The federal grants were scored based on 30 selection criteria. States moved forward on a number of fronts over the last year in order to make themselves more attractive candidates. According to an early January Education Week article about Race to the Top inspired reforms, the application criteria encouraged Alabama Governor Bob Riley to call for legislative action to permit charter schools. A number of other states, similarly, changed laws that limited charters.
One of the key requirements for applicants is the ability to link student achievement data to teacher evaluation. That led governors in Tennessee and Maine to push for legislative measures that would facilitate that connection. Last October, California’s Governor Arnold Schwarzenegger worked with the legislature to remove a data firewall that prohibited the use of test scores to evaluate teachers. That barrier “would have put the state out of the running for the Race to the Top,” wrote Erik Robelen in Education Week.
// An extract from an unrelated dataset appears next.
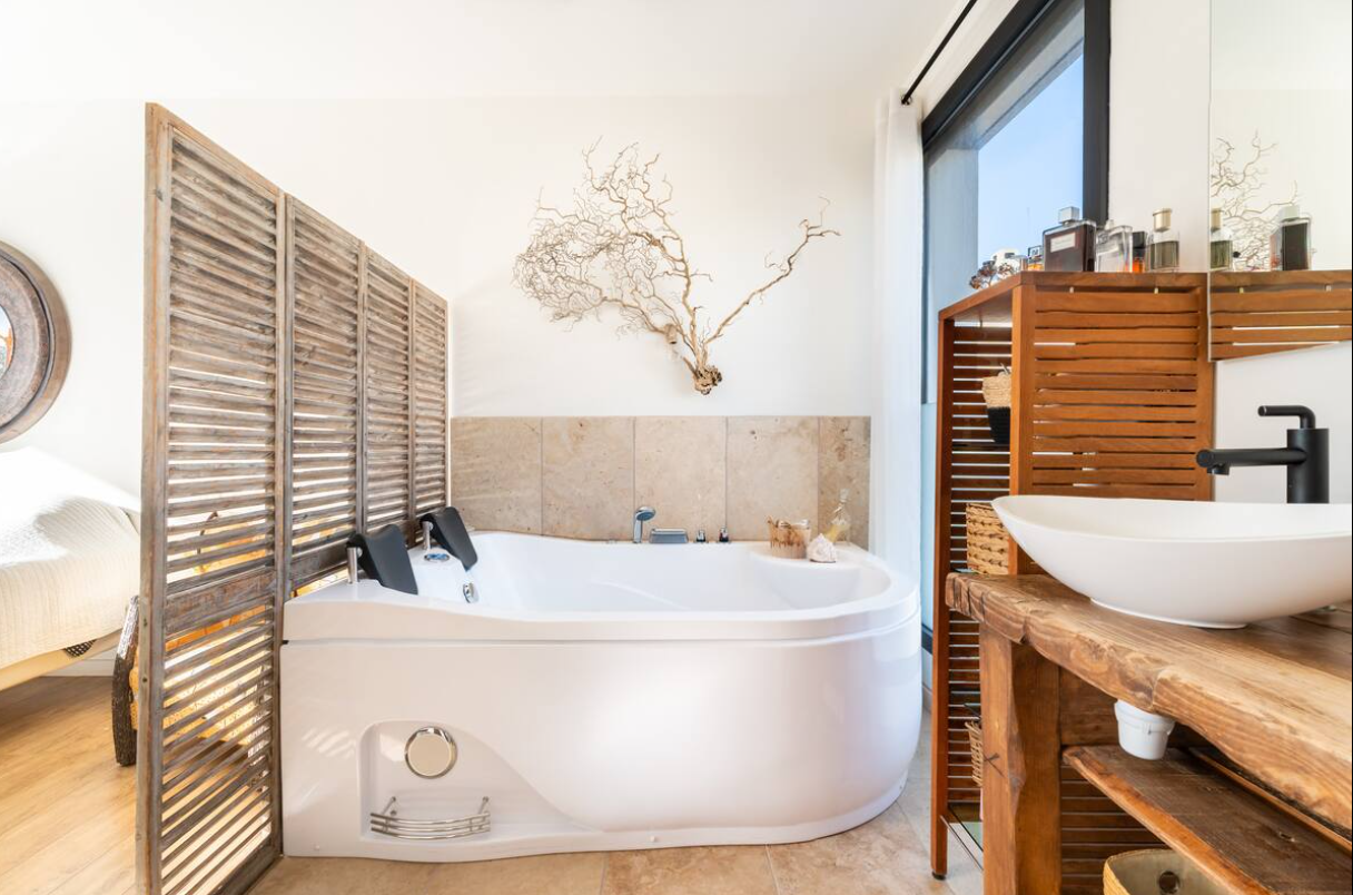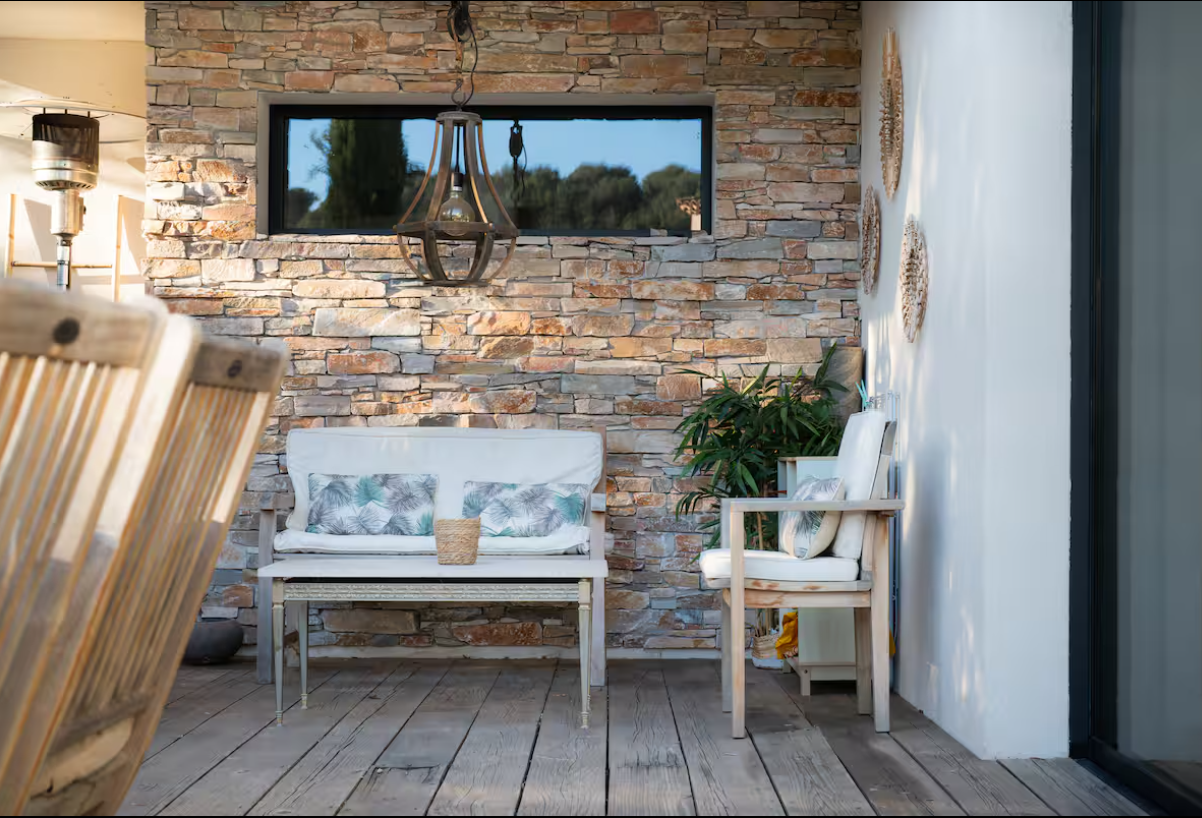 The main house offers five bedrooms, including a sumptuous 40 m² master suite with a private terrace. From this privileged space, you will enjoy a glimpse of the sea and a soothing view of the surrounding vineyards. Every detail has been carefully considered to provide comfort, privacy, and well-being every day.

We talked with ever-helpful Paul Posner (left) about this a few days ago. Now director of the Masters in Public Administration program at George Mason University, Posner had a long and distinguished career at the Government Accountability Office, which he left in 2005. He sees Race to the Top as a departure from a more punitive compliance-oriented federal approach that sparked tremendous state resistance to both the No Child Left Behind and Real ID programs. In contrast, Race to the Top didn’t impose rules or standards on states, he says, but harked back to methods of the Great Society and New Deal, using cooperative federalism and relying on the “catalytic role that grants can play.”
The idea is that there’s a pot of cash and the states can come and get it – if they follow the desired performance standards. If you don’t want the money, you don’t have to play. In the case of Race to the Top, “the very sweet carrot,” as Posner puts it, has created real momentum for reform at the state level.
“The whole Recovery Act has regenerated interest in federal grants as a tool to promote new national policies. Race to the Top is a pull rather than a push. It has the potential to change priorities and standards over time.”